Greetings from the other side.

No, not that other side, although I’m sure some of you were wondering. I mean this other side. The one at the end of the holidays.

“We have to rethink this,” said H as we sat blissfully alone in a bustling café on the Continent, shoving food and drink into our faces. “We need a new plan.”

Fancy here had just had, and I quote, “The Greatest Idea Since We Arrived.” Turns out it’s not that hard to look like a genius. Just walk over to the tourist office and buy 4 senior citizen and 2 child tickets for an afternoon-long tour bus of Some City. Then hand the bunch a sack full of sandwiches and a few bottles of water and wave wildly, plastering a mixture of second thoughts and regret on your face.

Then jump up and down, high five and skip all the way to the restaurant after their ride has turned the corner.

It’s not that we don’t love our families. But since Nanny #1 wanted to go see her family and Nanny #2 was hosting some kind of bikram flax seed festival with friends from various Buddhist nations, we were on our own the last two weeks. Okay, that’s a lie. Technically we had our parents. But I mean we were without paid help. Not even our housekeeper. It was all rather tragic.

Instead of sparkly high heels and a gorgeous red dress Fancy here was much more, “Can you take the girls. I need to brush my teeth before I serve dinner. Do you think anyone will notice if I just keep my pajamas on?” and “What the fuck are you doing dropping crumbs on that floor? Did you not just see me crawling around here with fucking Flash wipes on my hands and knees?”

And after a week at the Fancy Home, we shoved everyone on an aeroplane and headed off for a week somewhere in a sort-of-warm European location. Because we don’t know when to say when.

Anyhoo, turns out travelling with 4 old people and two toddlers is a bit like a cross between a senior care home, a mental institution and an unstructured Gymboree play hour.

It wasn’t enough that I was dealing with the Minis. I had 4 other children. Well, 3 other children and one old man. We were all wearing glazed expressions by sometime last week. Not that there weren’t some great moments of excitement.

For example, I taught my mother-in-law how to turn on a stove. (Yes, I didn’t realize it was that different of a system from one European country to another.) On the other hand, H got to teach my mother how to—hold on—open a window. My father-in-law took to walking out the door in search of something vital (like stamps at 10pm for postcards he hadn’t yet written) without a phone or even the address of our apartment. And my dad, God bless him, just laid in the corner with his eyes shut and occasionally one of us would hand him a glass of water.

And finally after over a week and a half of H and I interacting only enough to stare daggers at each other, I put them all on a bus. For 3 well-deserved hours.

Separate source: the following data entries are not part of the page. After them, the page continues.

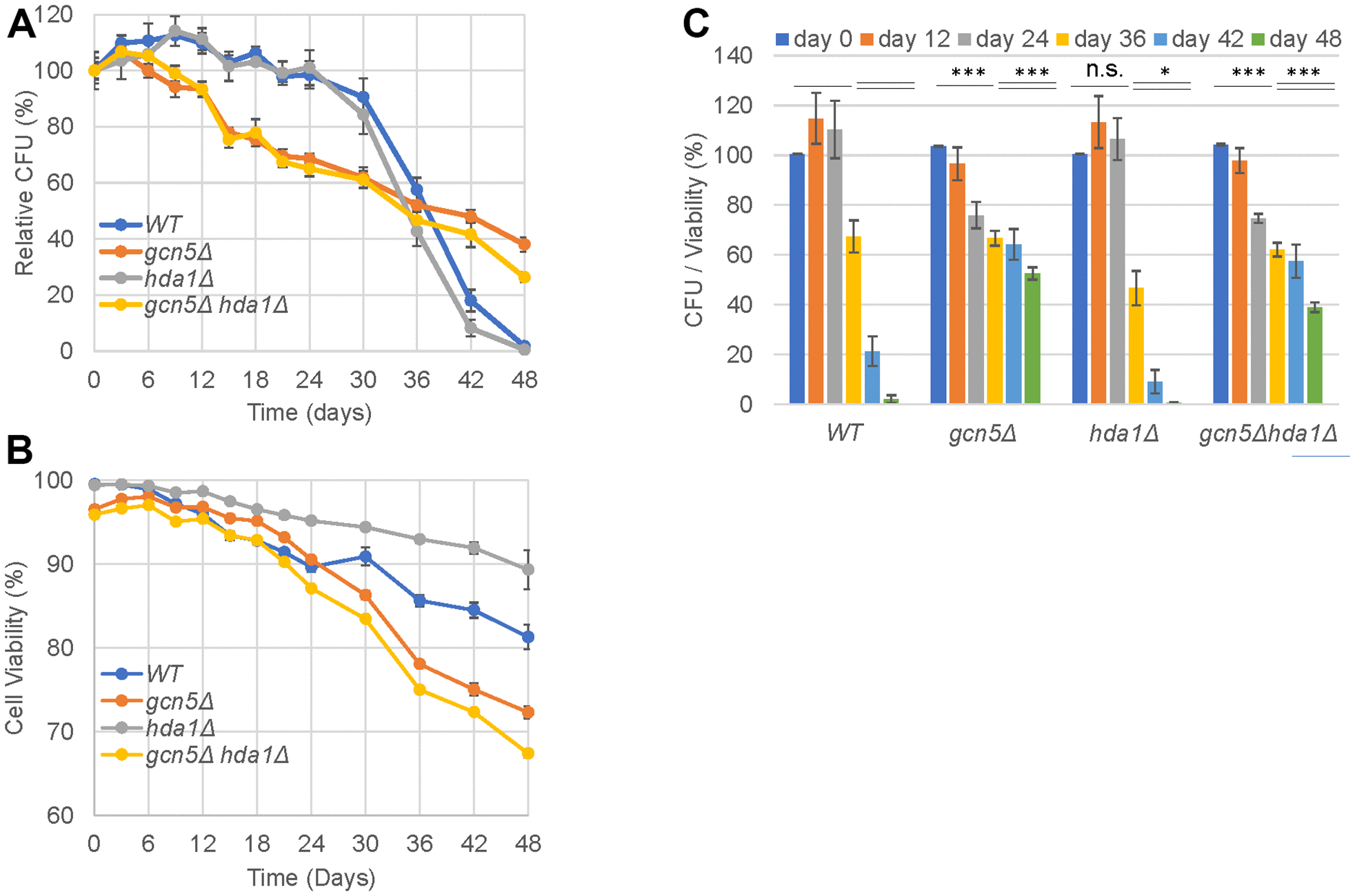 Figure 3. Gcn5 displays contradictory roles in the regulation of chronological lifespan. (A) Relative CFU; (B) Cell viability; (C) Normalised CFU to cell viability. Two-factor ANOVA analysis was conducted to reveal the significance of differences across the indicated timepoints. ***: p < 0.001, **: 0.001<p< 0.01, *: 0.01<p< 0.05 and n.s.: p> 0.05.
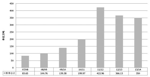 来宾一糖厂工作人员介绍,来宾地区在2007年高峰期时甘蔗种植面积一度达到27万亩,而今年只有18万亩。再从甘蔗的生长情况来看,当前雨水偏多,天气有利于甘蔗生长,但是早期甘蔗出苗受霜冻气候影响,总体长势并不如往年。此外,云南、广东等地种植形势同样严峻。云南上年种植面积为540万亩,今年计划种植531万亩,按目前的情况还难以完成计划面积。广东种植面积预计减少10%,且存在土壤退化、气候恶劣等不利因素。综合而言,2014/2015榨季甘蔗减产概率较大,预计整体减产10%,产量为1200万吨。
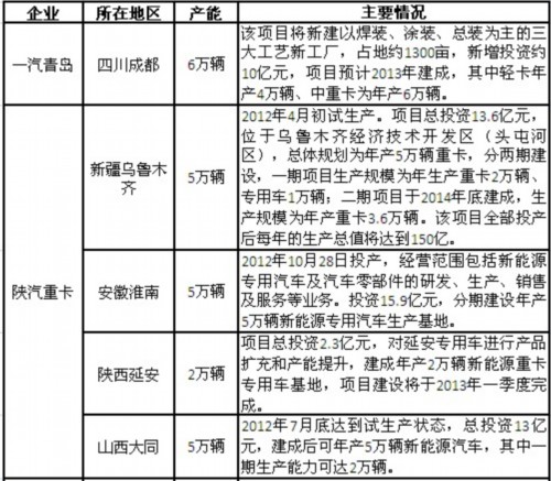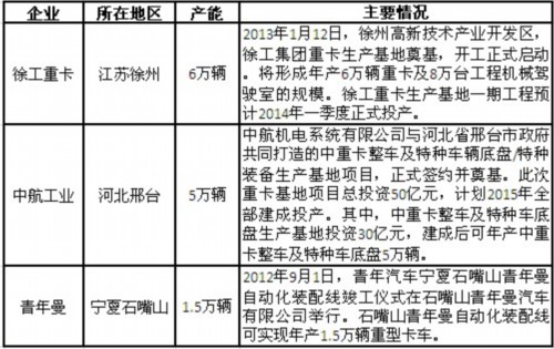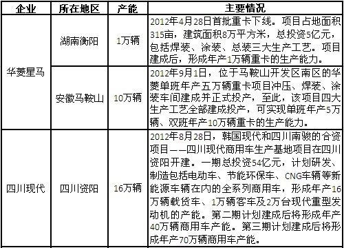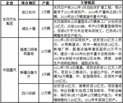 排在第五名的东风汽车集团,其在建和新建成的产能为13万辆。其中,东风商用车公司8万辆重型车新工厂已建成4万辆产能并投产;此外,东风日产柴改扩建项目于2012年3月在杭州启动,最快于2013年底投产,并最终达到5万辆中高端重卡产能。

“You know, there is such a thing as a Holiday Nanny. You can just hire them for the two weeks to come with us, sleep in the Minis room, get up at the crack of UnGodly o’clock with them and babysit in the evening so we can go out every night,” I offered, between gulps of my wine.

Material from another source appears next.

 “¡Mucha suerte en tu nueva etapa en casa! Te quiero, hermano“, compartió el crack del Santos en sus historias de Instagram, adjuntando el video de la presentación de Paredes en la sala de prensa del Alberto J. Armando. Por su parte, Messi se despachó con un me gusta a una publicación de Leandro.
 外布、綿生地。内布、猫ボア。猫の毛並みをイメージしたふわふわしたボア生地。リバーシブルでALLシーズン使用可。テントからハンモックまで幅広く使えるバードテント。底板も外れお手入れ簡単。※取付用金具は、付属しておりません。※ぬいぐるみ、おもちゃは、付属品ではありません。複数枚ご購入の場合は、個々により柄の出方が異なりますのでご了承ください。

Slamming down his beer glass (yes, that’s how far gone we were. Beer. Not Champagne. Beer.), H looked at me. “Well, now that’s an idea.”

“Yes, and we could try having the holiday catered, as much as I love to cook it was all a bit overwhelming. Also when we travel,  get maybe, two apartments? One for the grandparents and one for us, the Holiday Nanny and the girls. And we could sleep in and I might be able to stay awake past 7:30. What do you think?” I pushed.

“Now that is starting to sound like a plan,” he answered, sucking the meat from the steamed leg of once living crustacean.

And so here we are. You know how some people start planning the holidays 6 months in advance? Well, Fancy here has a full year to get her act together. Christmas, 2012. That’s the one I want to remember.

Happy New Year!

18 comments:

  1. May I say that your Nanny situation sounds a bit tragic... I only have the one and she's currently in the US with me and hasn't really had a full day off since we've been here because we haven't managed to work it out (but I do occasionally take the kids out on my own so she can have a rest) and she's ok with it cause I'll give her an extra week vacation time this year. Really Fancy, sort this out, as much as I enjoy laughing at your blog posts I feel kind of bad for you and H. Or are you and he planning one of your adult only first-class trips somewhere exotic? In which case I'm back to being envious.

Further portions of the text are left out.